Indeed, as China grows, the region also grows, said Charles Ormiston, founding partner of the Bain South-east Asia business, in a report produced by Bain & Company and Monk’s Hill Ventures’ Angsana Council on Oct 18.

While many economists have correctly focused on the pro-growth policies, stable macroeconomics and healthy demographics of South-east Asia, they have often missed this critical source of additional growth, he said.

Specifically, the region benefits from the rise of China in two distinct ways – what Ormiston referred to as the “China dividend”.

First, as China is the largest market for South-east Asian trade, and second, as China is an important source of foreign direct investment (FDI). Both non-Chinese and Chinese companies have been diversifying or shifting supply chains away from China due to Chinese wage cost escalation, the need for supply chain diversification, and concerns over Chinese business policies.

“However, it is better to think of South-east Asia as benefiting from an ‘Asia dividend’ as the world regionalises and North Asia expands its position as the largest investor and trading partner with South-east Asia,” he said.

The report posits that the South-east Asian economy will grow by 4-5 per cent annually over the next 10 years, with Vietnam leading the charge at a projected growth rate of 5-7 per cent.

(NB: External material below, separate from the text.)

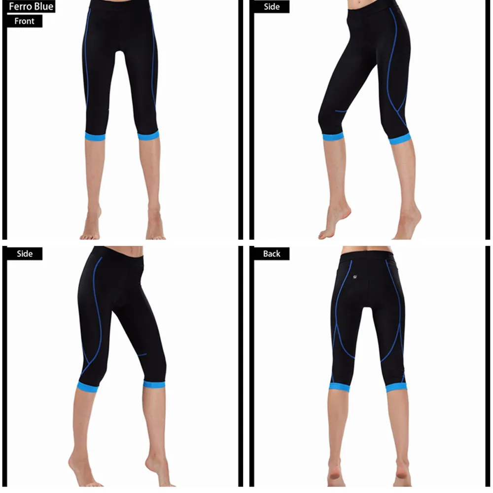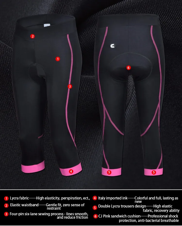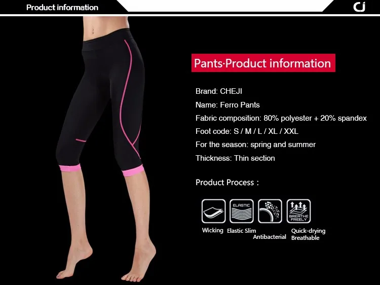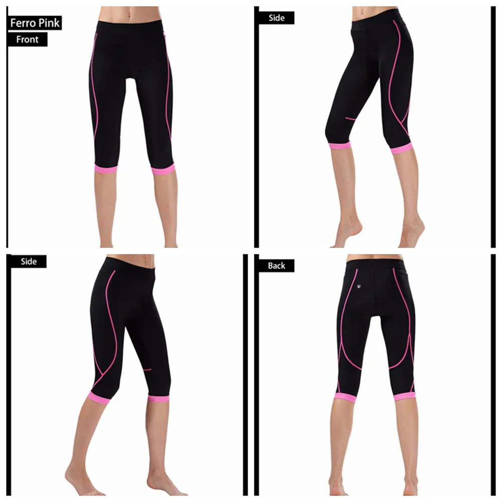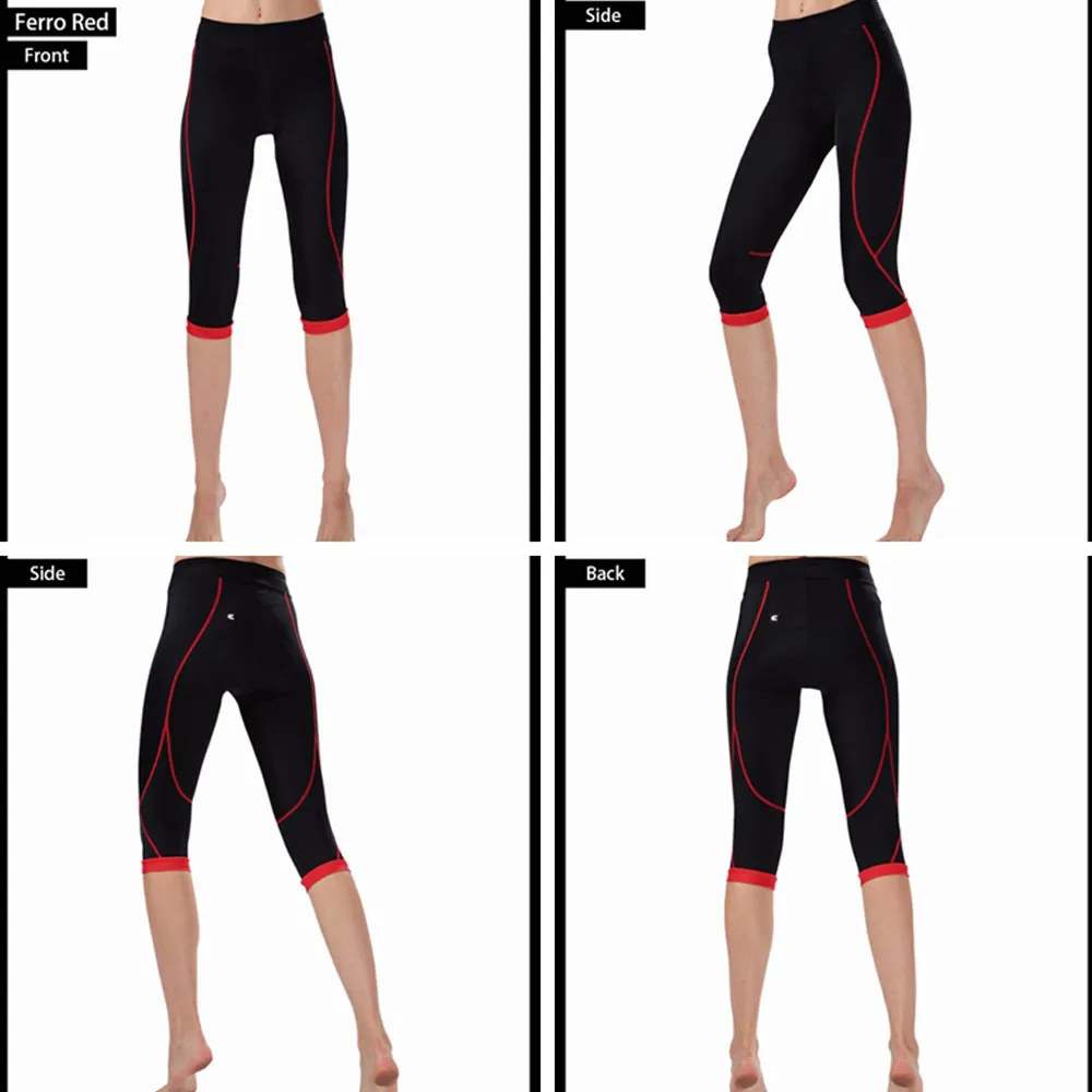 Women’s 3/4 Cycling Pants Compression CHEJI Team Ladies 3/4 Mountain Bike Tights Race Fit Bicycle Trousers Coolmax Padded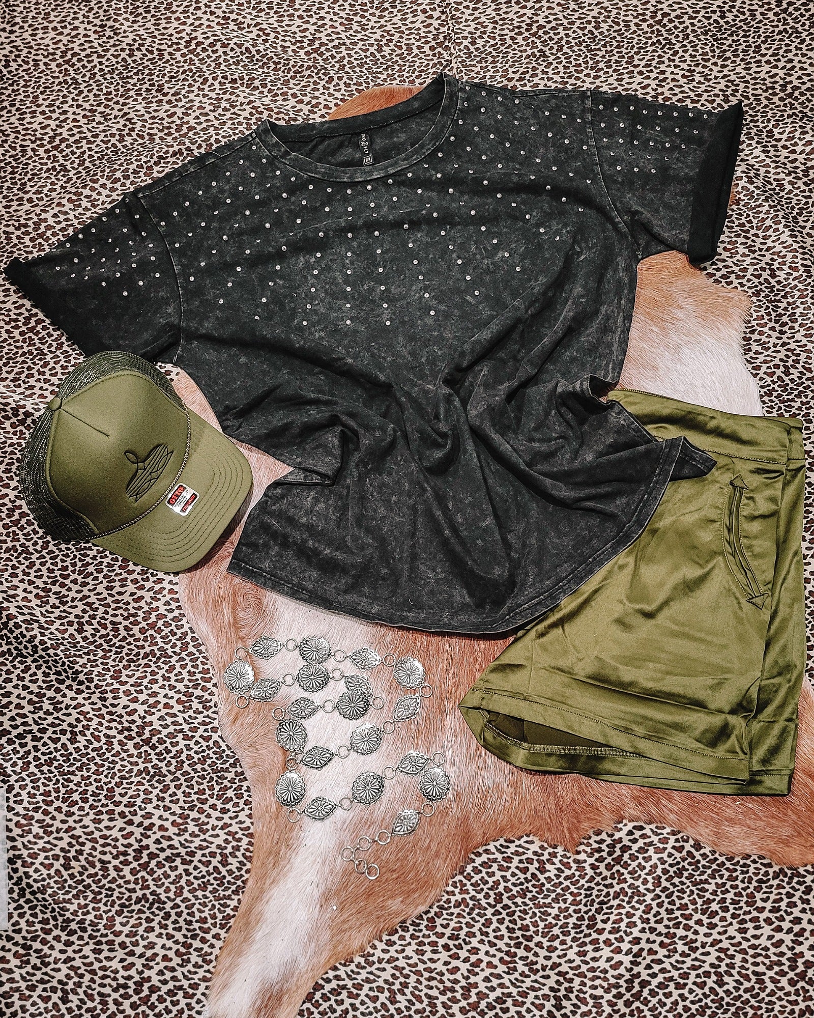 This oversized top is perfect for cute and comfy! Plus the studs are actually mini conchos!

“We remain optimistic about South-east Asia’s continued growth in the face of global instability and that it maintains the possibility of outgrowing other emerging regions in the world over the next decade,” said Ormiston.

Building on fundamentals

Already, China-Asean trade is valued at about US$650 billion and intra-Asean at US$650 billion, adding up to US$1.3 trillion. This is in addition to US$30 billion of projected FDI into Asean and another US$500 billion in trade for Asean with the US and Europe, noted Chin in his opening speech at the Gateway to Asean Conference.

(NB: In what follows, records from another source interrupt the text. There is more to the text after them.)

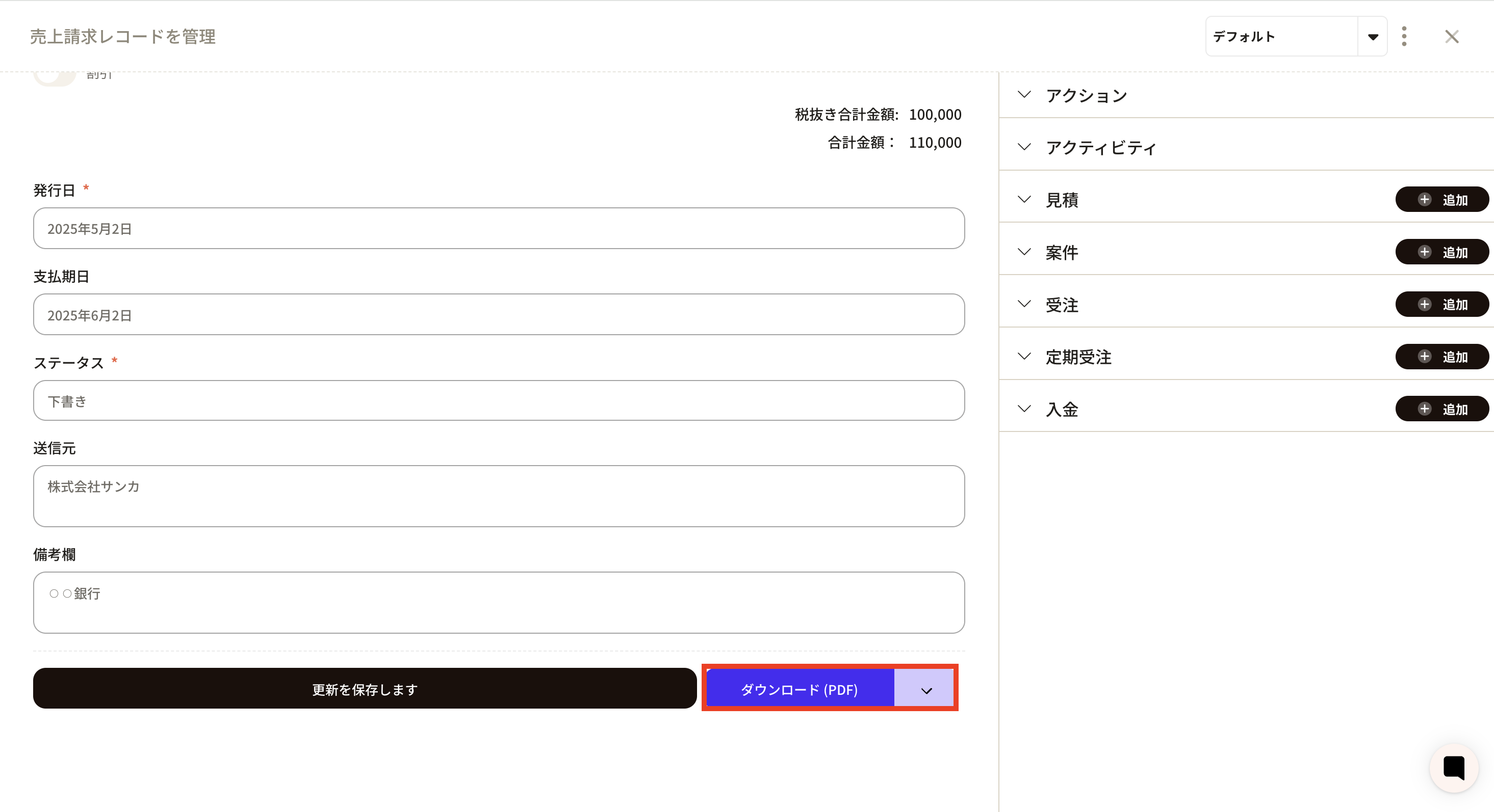 ⑯The Manage Sales Invoice Records screen will appear, so you can download the sales invoice by clicking Download PDF at the bottom.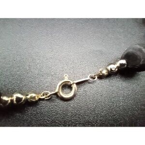 This elegant vintage necklace crafted from gray satin silk thread, adorned with delicate beads, was made in Korea in the 1980s. This 29-inch fashion jewelry piece adds a touch of sophistication to any ensemble and is perfect for vintage jewelry lovers and collectors.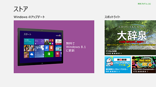 手順は他のWindows8機をアップするのと同じ。ストアからWindows8.1をダウンロードするだけ…なのだけど、WindowsUpdateはしておくほうがいい。また、ストアアプリが最新版でないと8.1のダウンロードメニュー自体が出てこない。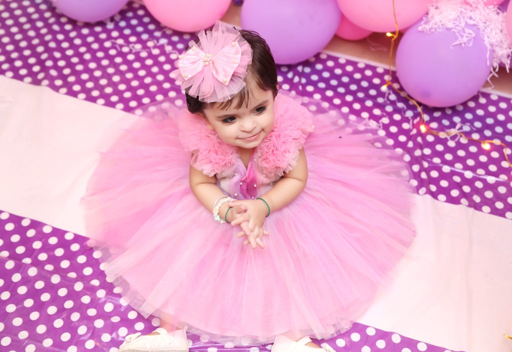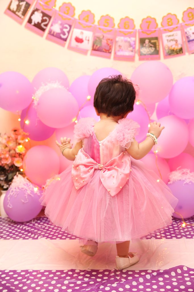 “pretty pink princess dress with a tulle skirt, pearl‑decorated bow, and ruffled sleeves, perfect for birthday parties or special occasions.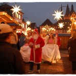 Auch in diesem Jahr haben wir unseren Walk act „Vegan Santa“ während des Weihnachtsmarktes in Gelnhausen am 14.12.2013 durchgeführt. Die Theateraktion sorgte wieder für tolle Stimmung und die meisten Besucher waren offen für die Infos und entzückt. Der Gelnhäuser Weihnachtsmarkt ist bekannt für seine „lebendigen Weihnachtsfiguren“ und unter diese haben wir uns wieder gemischt. Mit Herzen um den Hals mit den Aufschriften „Sei ein Engel, lebe vegan“ und „Vegan Santa – das Fest der Liebe und des Friedens für alle“ zogen wir los. Wir haben ca. 500 Flyer mit veganen Backrezepten sowie Informationen zur veganen Lebensweise verteilt und schöne Begegnungen gehabt. Außerdem sind die veganen Weihnachtsmänner und Frauen nun wieder in gefühlten 1000 Familienalben drin, denn alle fünf Meter mussten wir uns für Menschen als Gruppenbild aufstellen :). Frohe Weihnachten wünscht die Vegan Connection e.V. und Mitglieder des Feuertheater Sancto Petrolio 🙂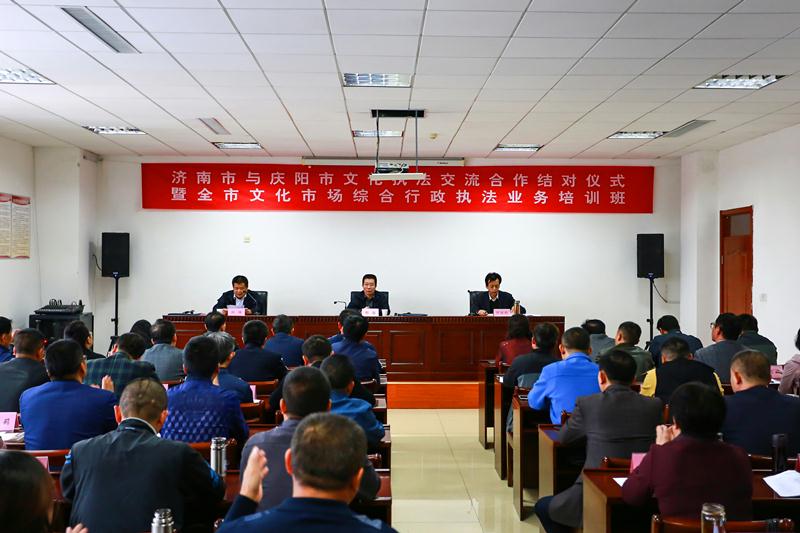 为深入贯彻落实文化部《关于开展2017—2020年中西部地区文化市场综合执法能力提升行动计划》,确保完成省文化厅“东西牵手、整体提升”目标要求,济南市文化市场综合行政执法局与甘肃省庆阳市文化市场综合执法支队结为对口协作结对单位。10月10日,bet-365体育投注在线在章丘区委党校举行两市文化执法对口交流合作结对仪式。 此次结对合作为期4年。两市文化执法机构将以提高文化市场综合执法人员综合素质和执法能力为重点,立足两市文化产业发展实际,直面执法改革难点、热点问题,采取集中培训、驻场学习、以案施训、案卷评查等多种双向交流形式,采取有力措施,努力做到重一线、重实践、重实效,全面促进两市文化市场综合执法专业化、规范化、信息化水平。 结对仪式后,两市文化执法骨干人员70余人参加了由bet-365体育投注在线举办的文化执法骨干业务培训。培训内容包括扫黄打非及版权工作、广播影视前沿科目执法、互联网文化经营执法、文化执法文书规范制作及执法电子平台应用等方面,侧重执法实际操作能力的培养和训练。此次培训还特别邀请山东辰静律师事务所主任陈静律师就行政诉讼方面的应对技巧和程序方法进行了讲授。 自12日开始,来济交流的20余位庆阳市文化执法骨干将以区县为单位赴济南市各对口区县进行文化执法调研,直观感受济南文化市场发展现状、现场观摩执法检查,并就区县文化市场监管工作相关问题进行座谈交流。

Specific to China, UOB has identified eight sectors driving 70% of Greater China and Asean FDI and trade flows, including banks and non-bank financials; construction and infrastructure; and consumer goods. PHOTO: NYTIMES

Specific to China, UOB has identified eight sectors driving about 70 per cent of Greater China and Asean FDI and trade flows. These are: real estate and hospitality; technology; media and telecommunications; banks and non-bank financials; construction and infrastructure; consumer goods; healthcare; industrials; and oil, gas and chemicals.

“As China replaces the US as the economic engine of South-east Asia, new opportunities will arise,” he said.

“China has been on ‘slow mode’ for the last 18 months because of their zero-Covid policy, not because of a lack of policy tools to engineer growth. Despite pressure from the West and slower domestic growth, their growth numbers are still positive,” said Chin.

“I’m quite optimistic that they will slowly adjust and open up ... When they open, China will start having a bit of growth – maybe not 9-10 per cent, but even at 5 per cent growth, we’re talking US$600 billion in new growth,” he said.

“No single country has that kind of growth, and that’s why China is still a very important economic driver for Asean.”